Позади послышался шум. Март оглянулся и увидел еще один микроавтобус.

– Да, у нас будут проблемы, – сказал Борис-Рэмбо.

– У тебя.

– У нас.

Микроавтобус впереди резко повернулся и остановился, перегородив им дорогу. Машина позади сделала то же самое, перекрыв путь отступления. По сторонам дороги показались мрачные фигуры.

– Разобраться с ними – твоя задача, – весело произнес Март, сделав ударение на слове «твоя». – Так что это твои проблемы. Не впутывай меня в свои дела.

Из микроавтобусов высыпали бандиты – молодые парни в майках, державшие в руках биты, длинные топоры и старые огнестрельные ружья.

– Если что-то пойдет не так, ты сможешь умереть как мужчина? – бросил через плечо Борис-Рэмбо.

– Нет!

– Хм… Плохо…

Шутка позабавила Марта. Ему было жутко интересно все, что происходило вокруг. В собственной безопасности сомнений не возникало. Он чувствовал себя как на экскурсии в национальном парке, когда к защищенным машинам подходят медведи.

– Ты не самый легкий клиент, знаешь это? – сосредоточенно произнес Борис-Рэмбо, осматриваясь вокруг.

– Ты уж постарайся меня спасти, тебе зачтется.

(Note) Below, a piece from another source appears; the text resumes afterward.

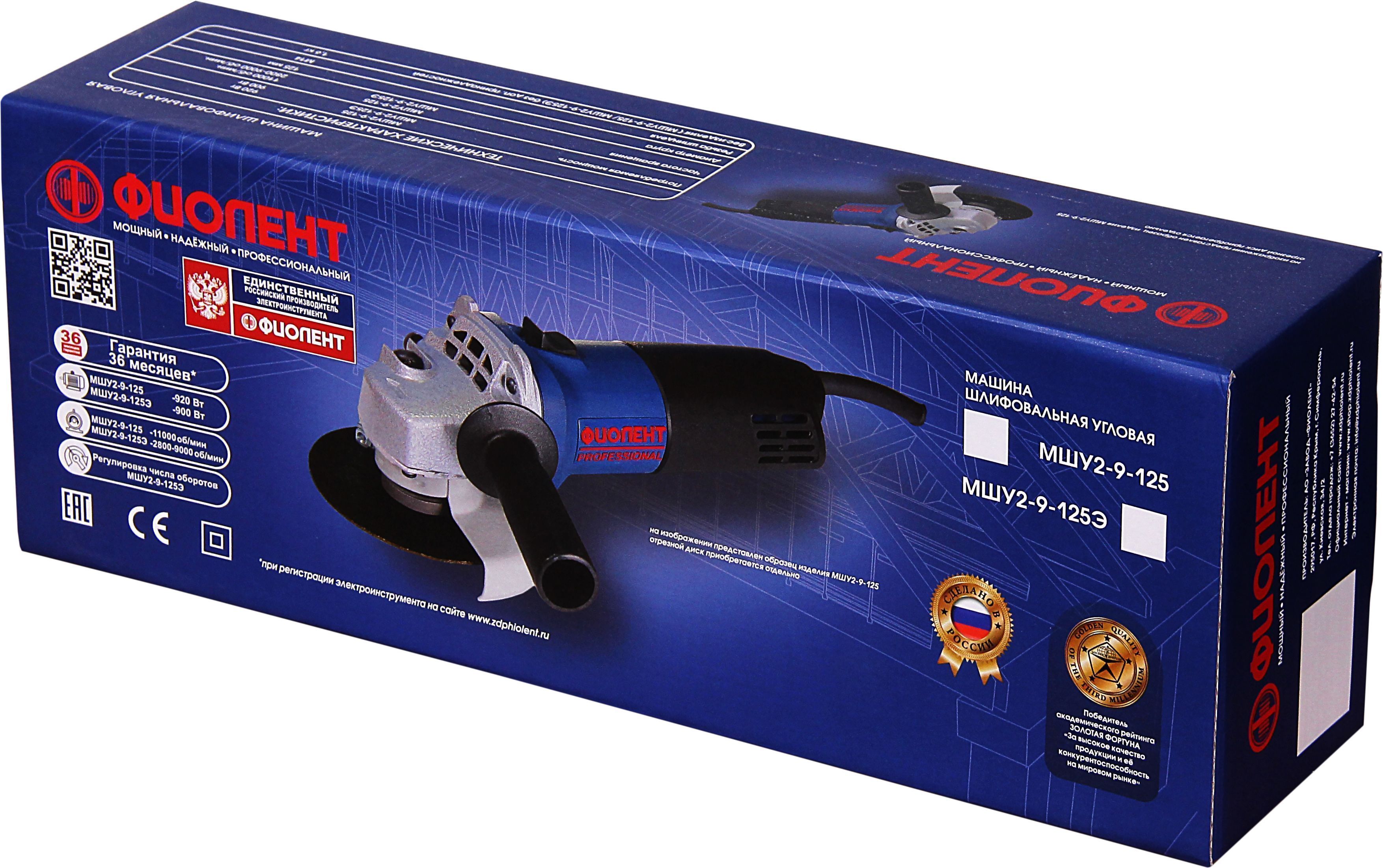 Углошлифовальная машина Фиолент одноручная МШУ2-9-125 в продаже по цене 3 945 руб. в Интернет-магазине Проф-инструмент с доставкой в Казани и Татарстане. Звоните по телефону +8 (800) 302-10-51.

– Ну, спасибо, – хмыкнул он.

– Эй, интели, вы не ошиблись дорогой? – крикнул выступивший вперед толстяк с блестящей цепью на шее.

– Слышал? Он назвал тебя интелем. Я бы на твоем месте обиделся, – шепнул Борису-Рэмбо Март.

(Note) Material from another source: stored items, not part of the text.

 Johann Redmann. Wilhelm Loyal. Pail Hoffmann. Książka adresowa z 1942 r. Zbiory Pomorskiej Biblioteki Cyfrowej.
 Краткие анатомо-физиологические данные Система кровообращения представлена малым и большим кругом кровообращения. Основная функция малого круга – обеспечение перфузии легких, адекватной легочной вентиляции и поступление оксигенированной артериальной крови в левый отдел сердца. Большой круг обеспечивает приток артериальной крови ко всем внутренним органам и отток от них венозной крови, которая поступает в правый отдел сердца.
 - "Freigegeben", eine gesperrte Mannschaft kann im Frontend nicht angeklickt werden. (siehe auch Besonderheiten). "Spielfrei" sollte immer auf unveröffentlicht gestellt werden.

– Сейчас может быть жарко. Возьмешь мою бандану? – Борис посмотрел на него.

Бандана была сделана из защитного материала и могла спасти голову при серьезном ударе, например, камнем или битой.

– Сейчас твоя голова важнее, – ответил Март.

– Пожалуй, соглашусь.

Неожиданно толстяк схватился за голову, качнулся и упал. Март не сразу догадался, что его ударило ультразвуком из нелетального (то есть не убивающего) оружия одного из дронов.

Гангстеры угрожающе заорали. Со всех сторон в группу гостей с большой земли полетели камни. Однако каждый из них ударялся о невидимую преграду, вокруг него вспыхивали искры, и булыжник падал на землю. Казалось, что камни высекали искры из воздуха. Но это генераторы силового поля, установленные на дронах, создавали на миг защитный электромагнитный импульс перед каждым летящим объектом.

Несколько бандитов вскрикнули и выронили ружья: в стволах взорвались патроны. Заряды воспламенились от сигнала, направленного дронами.

Бой разгорался. Несколько гангстеров попытались приблизиться, но их срезало ультразвуком.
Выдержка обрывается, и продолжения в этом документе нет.